Generally speaking, the only information we can get about a quantum mechanical system is provided by a measurement that causes a collapsion of the wave function and returns one single value. The value being measured is due to a probability that is determined by the entries of the statevector (each entry is a probability amplitude to measure a corresponding basis state). Hence, given a quantum system described by a statevector $|x\rangle$ - For figuring the entries of $|x\rangle$ one needs to measure the system many times and then it can be infered from the probability distribution of the results what are the approximate entries of $|x\rangle$.


In the HHL algorithm original paper indeed it's written:

This procedure yields a quantum-mechanical representation $|x\rangle$ of the desired vector $\vec{x}$. Clearly, to read out all the components of $\vec{x}$ would require one to perform the procedure at least $N$ times.

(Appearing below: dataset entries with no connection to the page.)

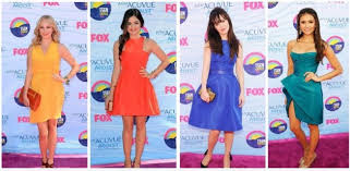 Earrings: Jou Jou Crystal Pave Round Ball Stud; Shoes: red strappy suede’s; Bracelet: Kruger Coral Enamel Hinge Cuff ) Lucy Hale was too cute for words in her “tangerine tango” (ahem… Pantone’s Color of the Year) dress with asymmetrical neckline and bronze heels so we didn’t want to change too much. We did however add a little sexy with a snakeskin bronze low heel… not for the faint of heart! (Feel free to opt for a bronze strappy low heel or sandals if you’re planning a beach wedding.) (Dresses: L-R Maria Cornejo draped washed-stain dress, AX Paris Belted Skater Dress, Hybrid Pencil with Plunge Neckline; Heels: AJ Wear Orange Mars Pump; Earrings: Yochi Design Round Beaded Hoops, Bracelet: Alkemie Sage Cuff) Tipper is absolutely dying for the above dresses! We’ve dubbed Royal Blue the Kate Middleton of all colors and we must say Zooey Deschanel’s prom-inspired dress would fit any formal wedding party in royal fashion. We paired her flared skirt with a halter top and her straight neckline with an asymmetrical hemline to give her dress a little flare.
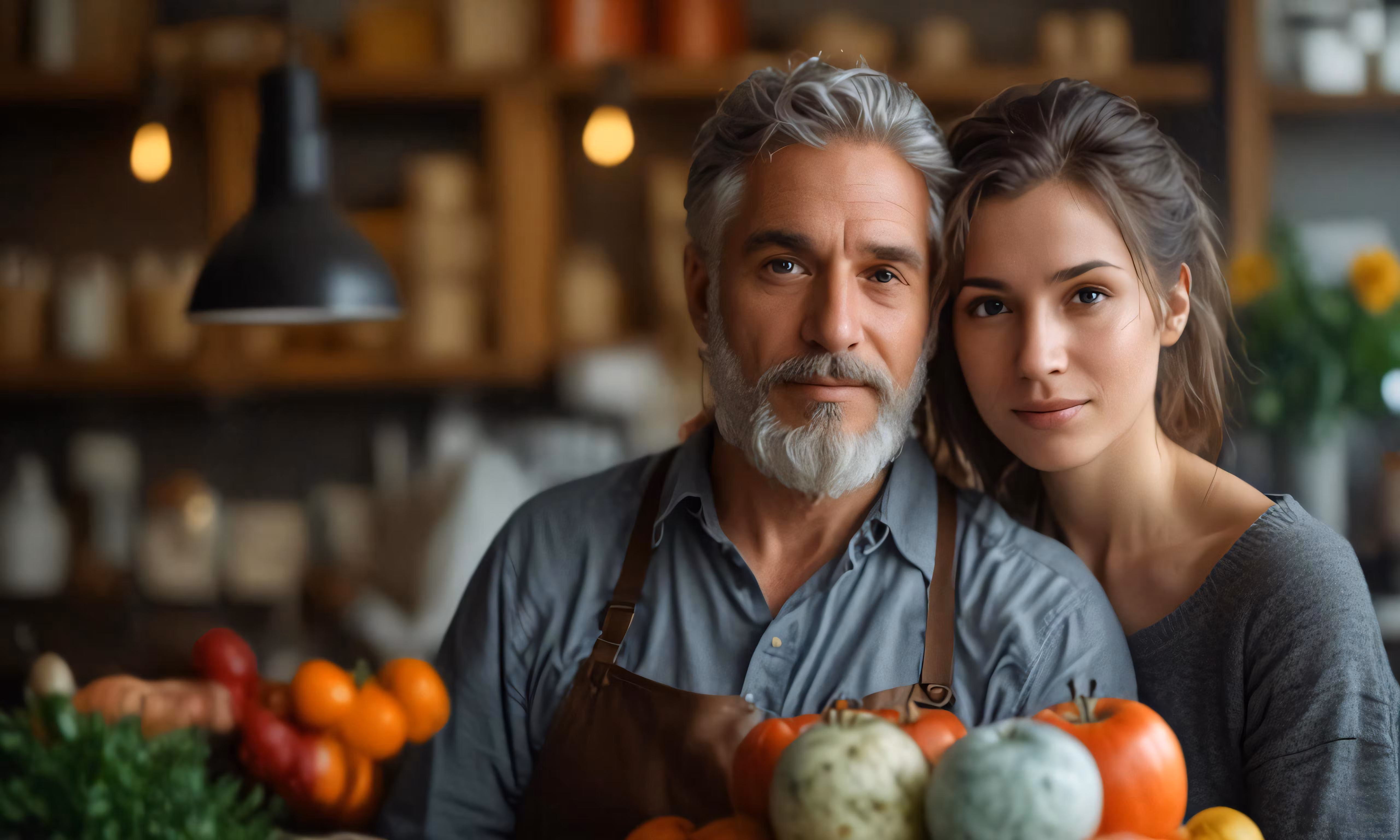 High resolution picture, free to use, the man and woman stand together in front of the fruit
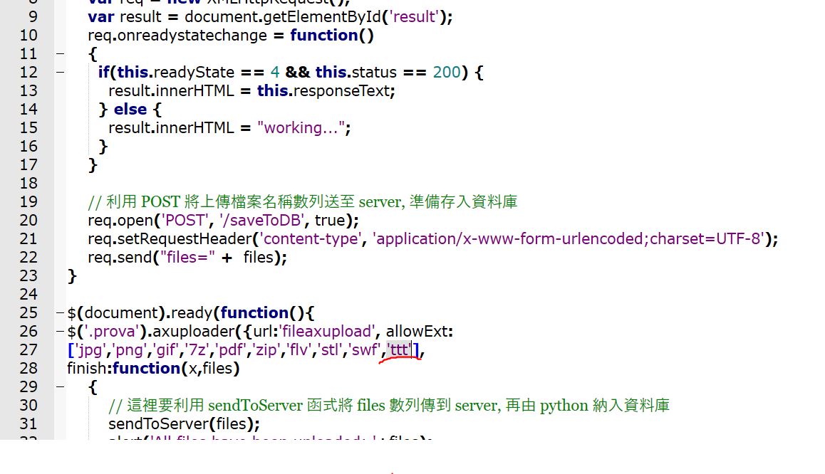 1.進入cd2020pj1/static/uploadform,程式裡新增.ttt
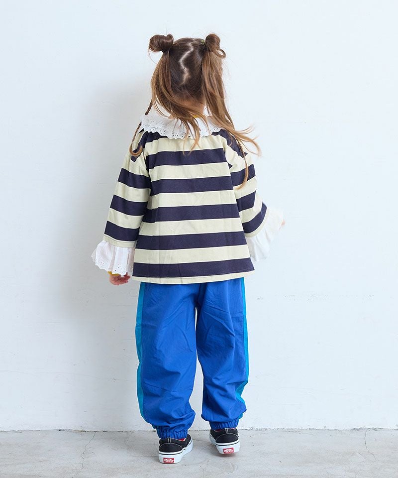 存在感のあるボーダー柄に、アイレットレースのフリル襟を合わせた主役トップスです。

In light of the explanation provided above, I think that the author's intention here is about infering $|x\rangle$ from a probability distribution of measuring the system at least $N$ times.

For example, let $|x\rangle = \frac{1}{\sqrt{2}}|0\rangle + \frac{1}{\sqrt{2}}|1\rangle$, then if we measure the system $2$ times and we get one $|0\rangle$ and one $|1\rangle$ - We can crudly infer that $|x\rangle = \frac{1}{\sqrt{2}}|0\rangle + \frac{1}{\sqrt{2}}|1\rangle$. Of course that we need more measurements (but still $O(N)$) in order to get a reliable approximation for $|x\rangle$. I think that by stating that at least $N$ performings of the procedure would be needed the author meant that $O(N)$ iterations would be needed.

However, and as being explained at first - There is no point in repeating the procedure $O(N)$ times for approximating $\vec{x}$, because classically we can find $\vec{x}$ in roughly $O(N)$ repetitions (it's $O(Nsk\ log(\frac{1}{\epsilon}))$ actually).


Edit: I have approached to Avinatan Hassidim (one of the authors of HHL) in order to verify my conjecture presented above. He confirmed it. I am attaching the correspondece for the sake of complecity.

My question:

In the HHL paper the following statement appears:

This procedure yields a quantum-mechanical representation $|x⟩$ of the desired vector $\vec{x}$. Clearly, to read out all the components of $\vec{x}$ would require one to perform the procedure at least $N$ times.

It's well understood that the HHL algorithm is not intended for finding $\vec{x}$ (or $|x⟩$) exactly but rather to estimate $⟨x|M|x⟩$.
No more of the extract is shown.